You leave me little choice. My brother’s life is at stake. I accept your veiled threats couched in indistinct terms.

Crumpled ball number seven.

Dear Master Noble,

The longer the delay, the worse for my brother. I accept you are an arroga—

Number eight plopped to the bottom of the basket like a slab in a tomb. It was obvious that I had to keep the correspondence short.

Dear Master Noble,

I accept.

Awaiting your reply,

I signed my name and sealed the note.

A knock exactly at noon announced the arrival of the messenger. It struck me that Noble had never asked for my address.

Our temporary sweep-turned-doorman-turned-butler cowered as I opened the door in his stead.

“Dark scum!” An elixir bottle broke through the failing enchantments on the brick stairs, smashing against them. “Rippers! Targeting the magic of a mage itself! You are going to pollute our neighborhood’s magic! Get off our street!”

I grabbed the front of the messenger boy’s cloak, pulled him inside, and slammed the door on the shouts from the street. Tinkling glass indicated another break in the solarium’s window. Our failing wards had no defense against the crowd’s anger.

The boy bobbed his head as I handed him the note. He held one out to me in return.

I stared at his outstretched hand. “What is this?”

“Instructions. Keep the paper on you. Do not put it down.”

I retrieved the note with shaking fingers. “Thank you. You may use the back entrance, if you wish.”
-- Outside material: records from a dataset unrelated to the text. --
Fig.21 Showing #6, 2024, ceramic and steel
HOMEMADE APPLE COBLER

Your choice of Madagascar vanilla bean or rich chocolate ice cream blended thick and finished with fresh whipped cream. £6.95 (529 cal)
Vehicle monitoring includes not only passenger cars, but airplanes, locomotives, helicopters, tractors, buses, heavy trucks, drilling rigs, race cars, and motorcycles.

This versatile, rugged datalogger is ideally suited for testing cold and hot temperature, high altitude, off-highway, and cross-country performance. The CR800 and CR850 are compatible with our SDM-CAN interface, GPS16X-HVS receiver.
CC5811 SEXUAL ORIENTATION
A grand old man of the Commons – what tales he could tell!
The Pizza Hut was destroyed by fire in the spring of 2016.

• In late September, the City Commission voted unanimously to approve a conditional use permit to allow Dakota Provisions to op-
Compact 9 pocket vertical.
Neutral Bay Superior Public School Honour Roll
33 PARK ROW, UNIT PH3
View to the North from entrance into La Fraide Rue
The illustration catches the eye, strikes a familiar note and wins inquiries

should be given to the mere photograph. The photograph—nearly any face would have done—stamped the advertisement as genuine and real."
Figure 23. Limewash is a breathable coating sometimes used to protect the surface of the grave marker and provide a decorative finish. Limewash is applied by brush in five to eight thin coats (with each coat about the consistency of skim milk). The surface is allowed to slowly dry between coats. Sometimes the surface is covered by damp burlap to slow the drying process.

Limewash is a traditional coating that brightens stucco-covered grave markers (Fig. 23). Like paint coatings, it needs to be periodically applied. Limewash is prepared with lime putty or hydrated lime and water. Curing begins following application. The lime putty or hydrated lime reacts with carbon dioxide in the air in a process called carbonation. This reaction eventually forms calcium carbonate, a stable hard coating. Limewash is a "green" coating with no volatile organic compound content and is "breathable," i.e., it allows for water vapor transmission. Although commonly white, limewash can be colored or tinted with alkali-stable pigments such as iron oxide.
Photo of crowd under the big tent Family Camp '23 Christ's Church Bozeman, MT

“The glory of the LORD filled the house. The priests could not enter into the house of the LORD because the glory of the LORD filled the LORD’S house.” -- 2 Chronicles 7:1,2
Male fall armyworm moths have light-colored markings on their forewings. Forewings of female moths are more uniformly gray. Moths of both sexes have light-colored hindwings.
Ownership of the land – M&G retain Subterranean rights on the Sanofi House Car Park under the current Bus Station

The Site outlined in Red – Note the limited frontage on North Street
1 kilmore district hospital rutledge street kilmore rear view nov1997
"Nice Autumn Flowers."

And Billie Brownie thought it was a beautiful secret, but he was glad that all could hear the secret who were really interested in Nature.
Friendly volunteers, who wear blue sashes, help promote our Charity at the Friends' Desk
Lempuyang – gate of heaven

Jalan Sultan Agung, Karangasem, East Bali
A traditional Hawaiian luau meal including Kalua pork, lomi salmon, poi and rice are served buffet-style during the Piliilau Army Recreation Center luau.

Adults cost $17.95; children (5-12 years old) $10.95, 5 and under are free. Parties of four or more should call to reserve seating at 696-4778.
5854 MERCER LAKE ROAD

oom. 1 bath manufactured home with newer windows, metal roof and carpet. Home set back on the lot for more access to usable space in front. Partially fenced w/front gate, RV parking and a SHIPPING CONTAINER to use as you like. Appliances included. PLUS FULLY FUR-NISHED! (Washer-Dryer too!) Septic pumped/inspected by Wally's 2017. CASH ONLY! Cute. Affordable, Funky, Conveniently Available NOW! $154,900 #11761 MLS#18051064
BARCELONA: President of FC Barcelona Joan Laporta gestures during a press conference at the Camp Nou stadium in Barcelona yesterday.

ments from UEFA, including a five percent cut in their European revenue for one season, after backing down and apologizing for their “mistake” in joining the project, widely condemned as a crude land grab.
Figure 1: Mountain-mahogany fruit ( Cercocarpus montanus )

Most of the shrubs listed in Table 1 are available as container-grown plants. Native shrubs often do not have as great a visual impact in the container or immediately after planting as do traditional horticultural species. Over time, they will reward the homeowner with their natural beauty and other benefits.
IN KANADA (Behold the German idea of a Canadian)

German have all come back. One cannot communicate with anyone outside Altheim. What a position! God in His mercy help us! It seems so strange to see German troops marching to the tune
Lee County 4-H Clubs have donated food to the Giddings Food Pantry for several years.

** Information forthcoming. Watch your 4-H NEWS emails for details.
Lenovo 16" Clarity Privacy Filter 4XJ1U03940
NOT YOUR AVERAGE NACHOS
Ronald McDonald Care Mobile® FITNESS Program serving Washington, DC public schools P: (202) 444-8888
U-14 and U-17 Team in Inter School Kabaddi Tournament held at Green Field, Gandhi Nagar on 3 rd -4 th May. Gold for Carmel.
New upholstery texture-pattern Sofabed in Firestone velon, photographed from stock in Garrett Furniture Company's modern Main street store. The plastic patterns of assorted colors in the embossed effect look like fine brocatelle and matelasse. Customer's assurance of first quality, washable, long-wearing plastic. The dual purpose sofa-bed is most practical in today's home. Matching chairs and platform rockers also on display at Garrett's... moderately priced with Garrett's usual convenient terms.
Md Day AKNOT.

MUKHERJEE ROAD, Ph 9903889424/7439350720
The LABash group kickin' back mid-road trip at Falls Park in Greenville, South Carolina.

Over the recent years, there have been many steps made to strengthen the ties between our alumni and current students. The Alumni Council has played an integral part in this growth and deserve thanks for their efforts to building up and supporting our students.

“Much obliged.” He bobbed his head and disappeared in that direction.

With a sharp glance at our grossly ineffective “butler,” who had no doubt soaked in every nuance of the conversation, I retired to my room.

The note was short, with its sloping letters and elegant swirls. I was to stay inside until a carriage came at midnight. The paper would lead me to the right one. I bristled at the command even as a resoundingthunkindicated what sounded like a head of cabbage hitting the front door.

I had until midnight to change my mind, but the long hours only reinforced my motivation. The hecklers in the streets continued, flinging rotten vegetables and spells against the sides of the house, adding cracks to the glass in the drawing room. Our house’s wards and enchantments, already weak, would soon collapse. The walls would fall without magic to support them, and it would become obvious what everyone already knew—that the Winters of Downing Street were a fallen house.

Ferris rose in the late afternoon only to down a headache tonic and slouch back to bed pleading illness. Sick on belladonna gin and punch root. I heard one of the maids slip into his room and wasn’t surprised to find him out cold a few hours later, an empty bottle tipped against his bedside.

The soft glow from the paper on the twelfth strike of the clock was accompanied by more relief than fear.